如何从一个可迭代的元组中填充两个或多个numpy数组?

9
我遇到的实际问题是我想要在RAM中存储一个长的排序好的 (float, str) 元组列表。一个简单的列表无法适应我的4Gb RAM,所以我想我可以使用两个 numpy.ndarray。
数据的来源是2元组的可迭代对象。numpy 有一个 fromiter 函数,但我该如何使用呢?可迭代对象中的项目数是未知的。由于内存限制,我不能先将其转换为列表。我考虑使用 itertools.tee,但这似乎会增加很多内存开销。
我猜我可以按块使用迭代器并将它们添加到数组中。那么我的问题是,如何有效地做到这一点?也许我应该创建2个二维数组并向其中添加行?(然后稍后需要将其转换为1D)。
或者也许有更好的方法?我真正需要的是通过浮点值对相应数字的字符串数组进行对数时间搜索(这就是为什么我想按浮点值进行排序),并尽可能紧凑地保持它。
附注:该可迭代对象并未排序。

使用 np.fromiter 来构建一个包含两列的单个数组是否足够? - unutbu
@unutbu ...我不确定为什么我没有考虑过那个:) 听起来是个好主意。然后我只需要沿着较长的轴排序并保持这种方式,对吧?你可以将其发布为答案,我想。 - Lev Levitsky
2个回答

8
也许可以使用np.fromiter构建一个单一的结构化数组:
import numpy as np


def gendata():
    # You, of course, have a different gendata...
    for i in xrange(N):
        yield (np.random.random(), str(i))

N = 100

arr = np.fromiter(gendata(), dtype='<f8,|S20')

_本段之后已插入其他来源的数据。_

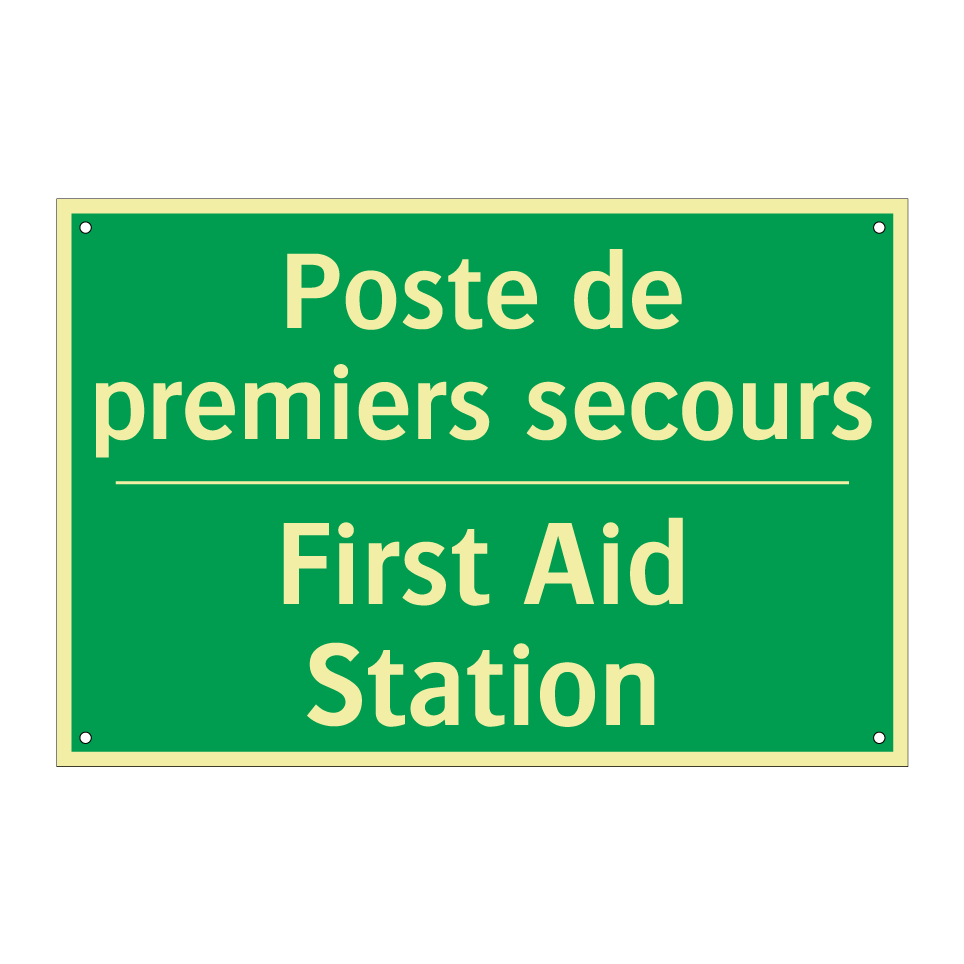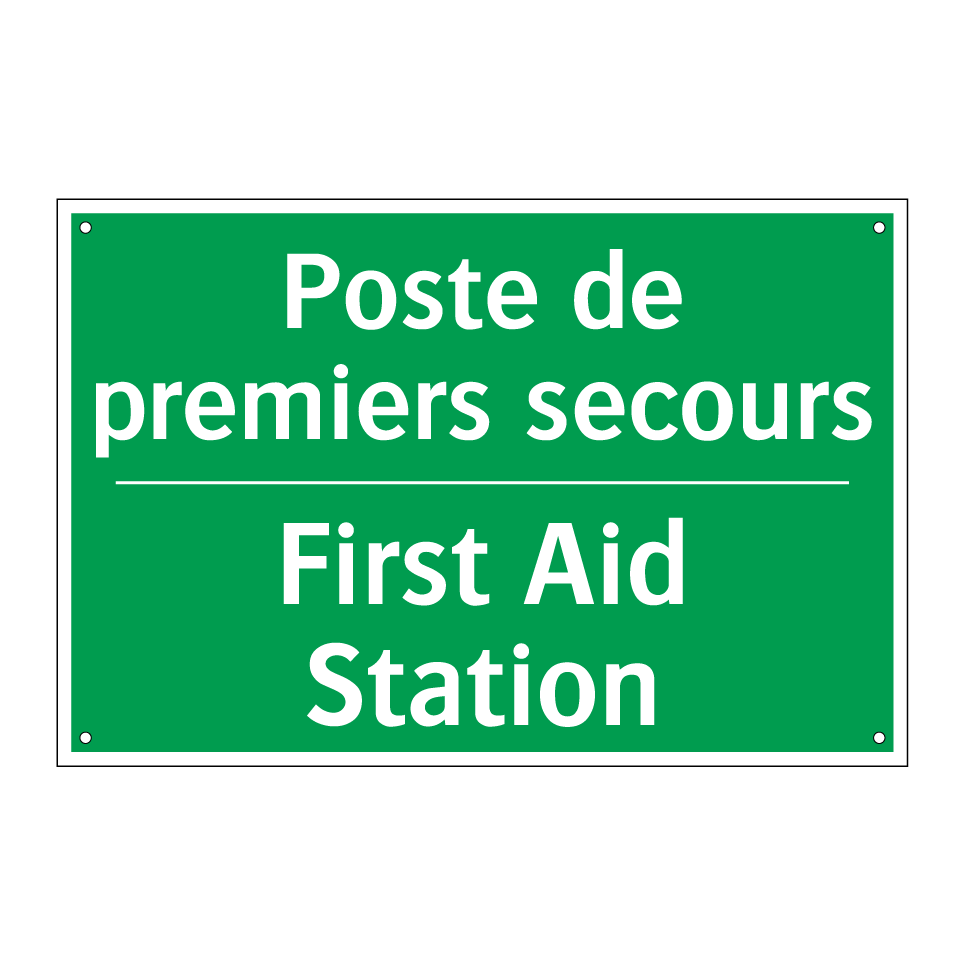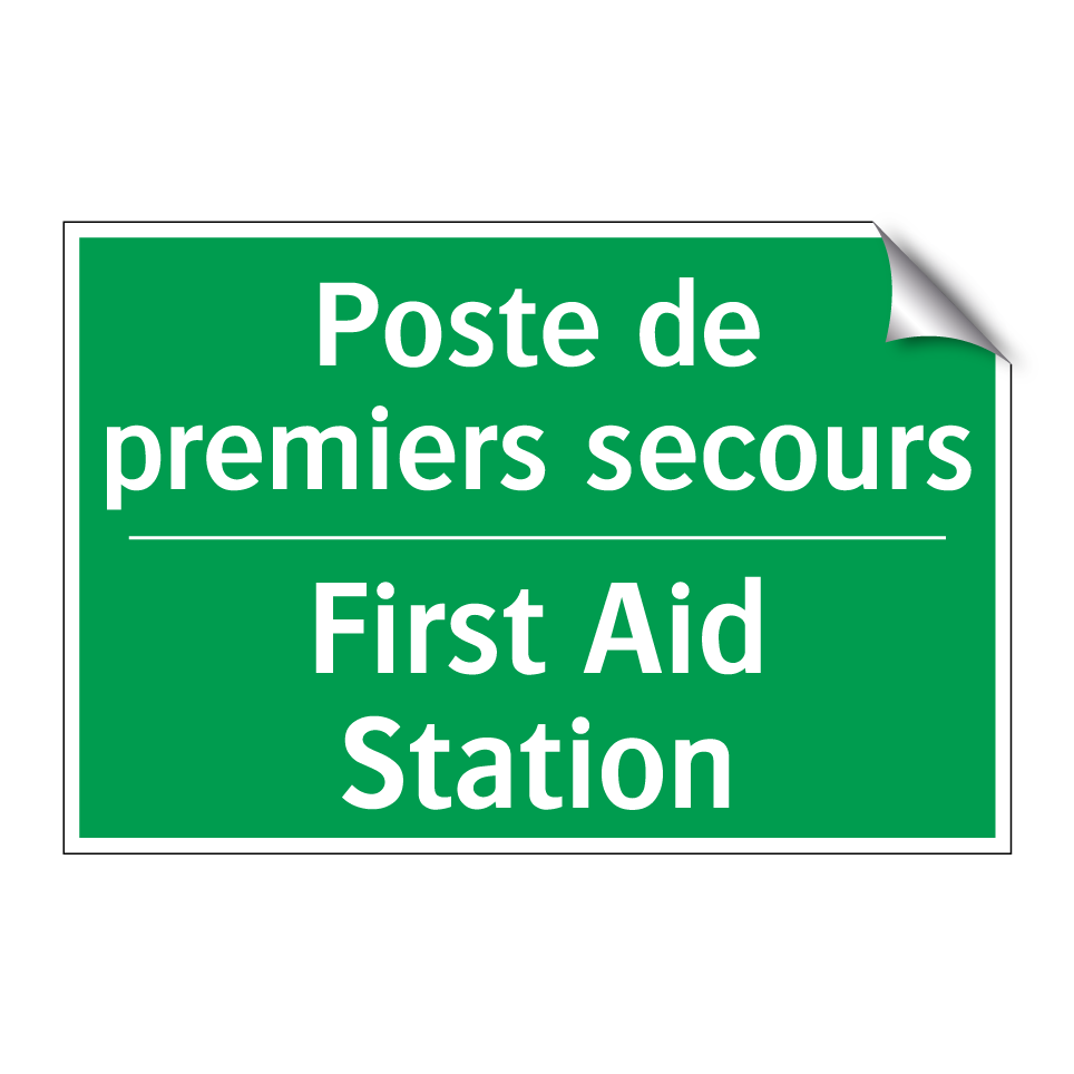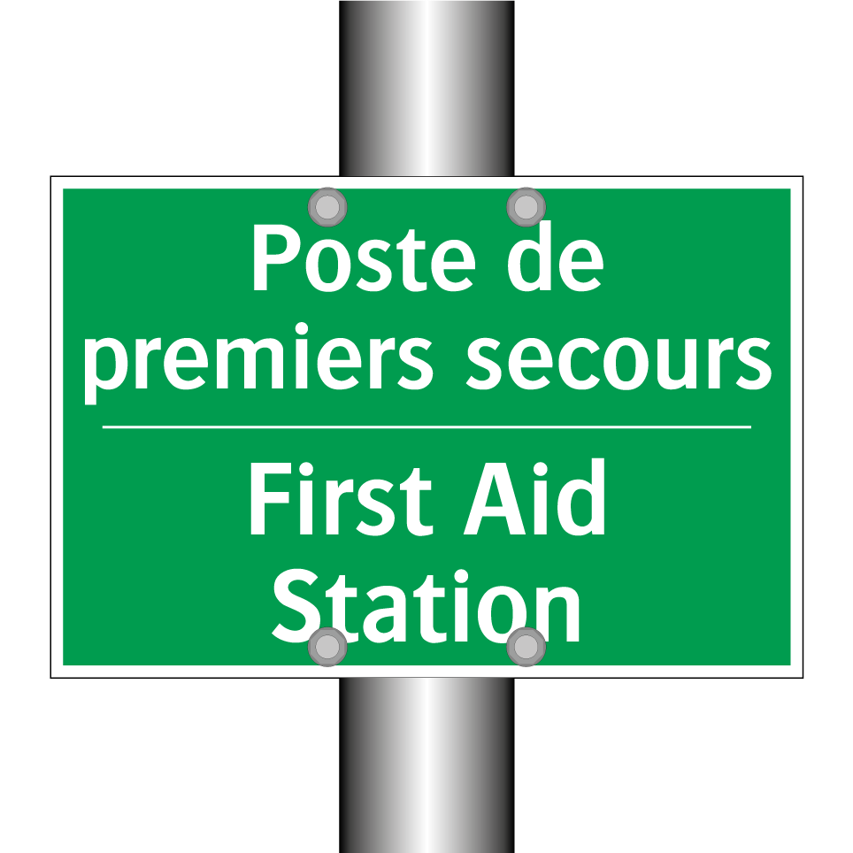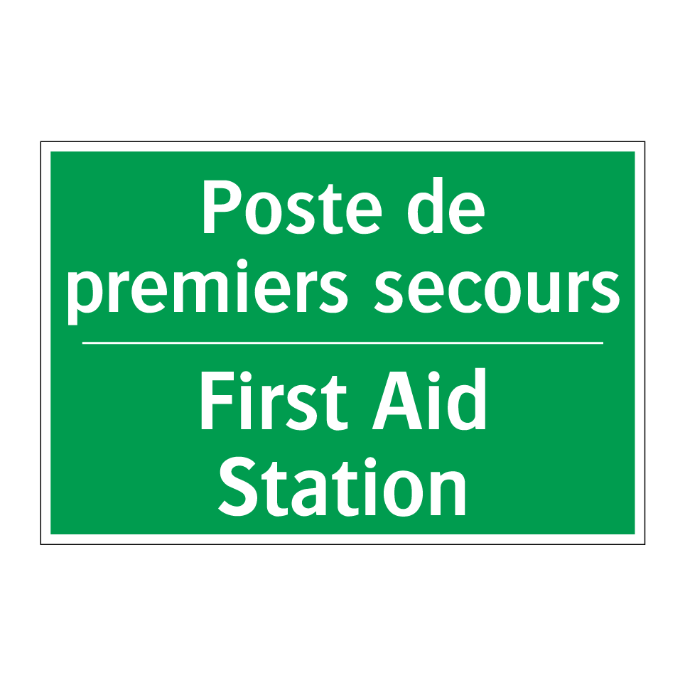 Panneau de secours bilingue avec texte en français : "Poste de premiers secours", et en anglais : "First Aid Station"
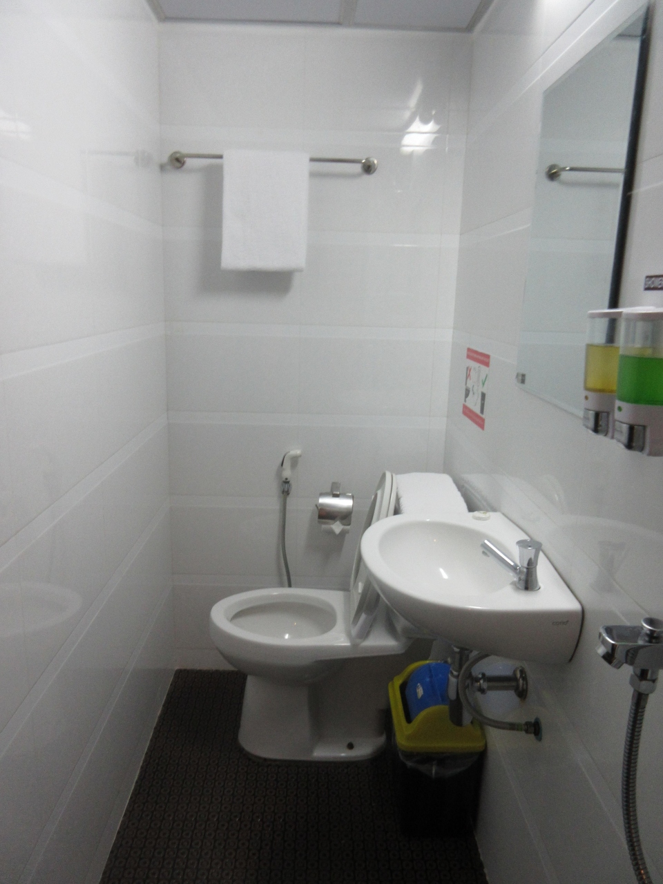 トイレ・浴室について:このクラスのホテルでは珍しくウォシュレット設備で良かったです。ただし浴室が狭く仕切がないため、シャワ−を浴びるとトイレに水がかかり大変でした。水圧、水温は良好でした。洗面台は、模様か汚れかわかりませんでしたがイメ−ジ的には汚く若干狭く、水を溜める栓もありませんでした。
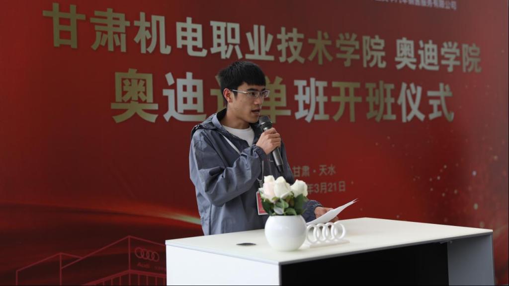 车辆工程学院2019届汽车营销专业优秀毕业生把梅分享了自己如何从一名懵懂学生,成长为甘肃中盛奥华汽车销售服务有限公司人事主管的奋斗历程。CL2122班学生买金明代表“奥迪订单班”全体学生做了表态发言。
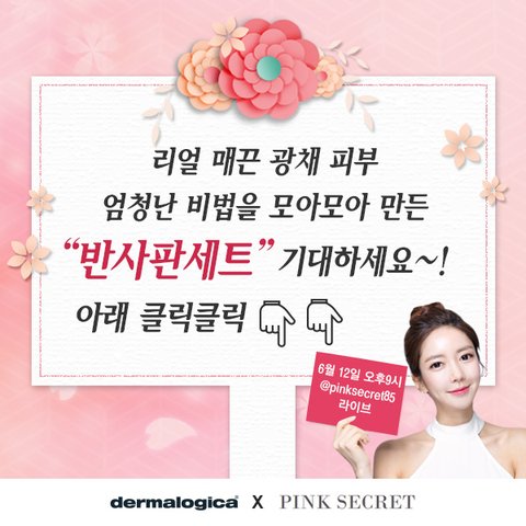 오는 12일에 인스타에서 라이브방송한다는 핑크시크릿과 더말로지카!!
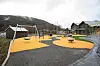 ballbinge, lekeapparater, klatrevegg, trampoline, rampeball og vannlek. Skole
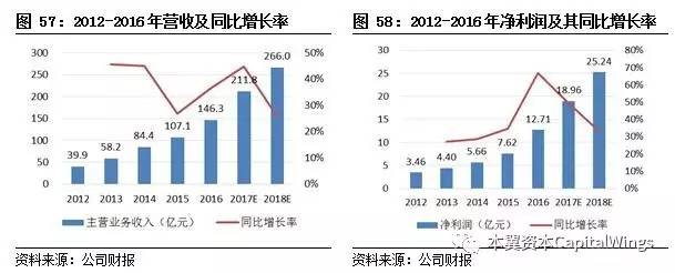 2012-2016年公司营业总收入由39.93亿元增长至146.3亿元,四年间的年均复合增速达到38%,公司净利润由3.46亿元增长至12.7亿元年均复合增速38%,业绩表现优异。
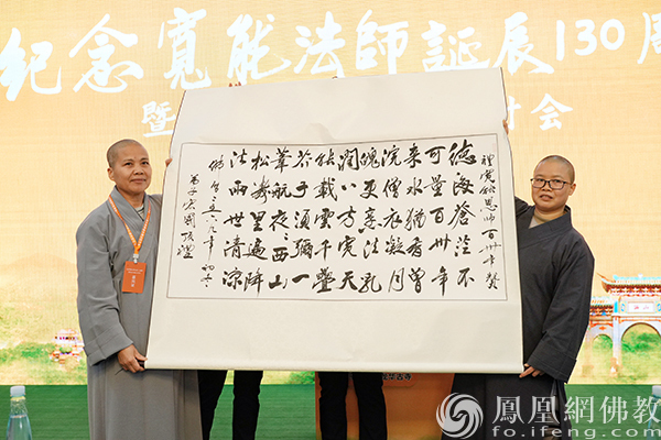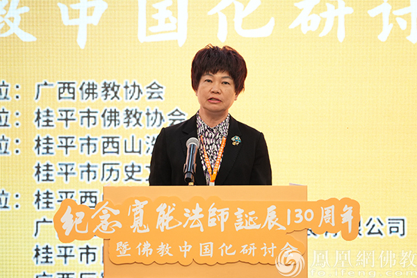 广西壮族自治区民宗委二级巡视员朱小梅在致辞中表示:我们纪念宽能法师,就是要学习和弘扬她身上所体现的宝贵精神品质,为当代佛教的健康传承注入强大的精神动力,为坚持佛教中国化广西实践提供宝贵的经验;学习她的爱国情怀,始终将个人的修行与国家的命运紧密相连,做一名坚定的爱国者。学习她的文化脉络,始终致力于佛教文化的传承与发展,积极推动佛教思想与中华优秀传统文化相融合;学习她的人才观点,始终将培养合格的佛教人才作为振兴佛教的关键。

按照第一列排序,使用第二列进行决胜将需要 O(N log N) 时间:

arr.sort(order=['f0','f1'])

使用searchsorted函数可以在O(log N)的时间内通过第一列的值找到相应的行:

# Some pseudo-random value in arr['f0']
val = arr['f0'][10]
print(arr[10])
# (0.049875262239617246, '46')

idx = arr['f0'].searchsorted(val)
print(arr[idx])
# (0.049875262239617246, '46')

在评论中,你提出了许多重要的问题,让我在这里尝试回答:

  • The basic dtypes are explained in the numpybook. There may be one or two extra dtypes (like float16 which have been added since that book was written, but the basics are all explained there.)

    Perhaps a more thorough discussion is in the online documentation. Which is a good supplement to the examples you mentioned here.

  • Dtypes can be used to define structured arrays with column names, or with default column names. 'f0', 'f1', etc. are default column names. Since I defined the dtype as '<f8,|S20' I failed to provide column names, so NumPy named the first column 'f0', and the second 'f1'. If we had used

    dtype='[('fval','<f8'), ('text','|S20')]
    

    then the structured array arr would have column names 'fval' and 'text'.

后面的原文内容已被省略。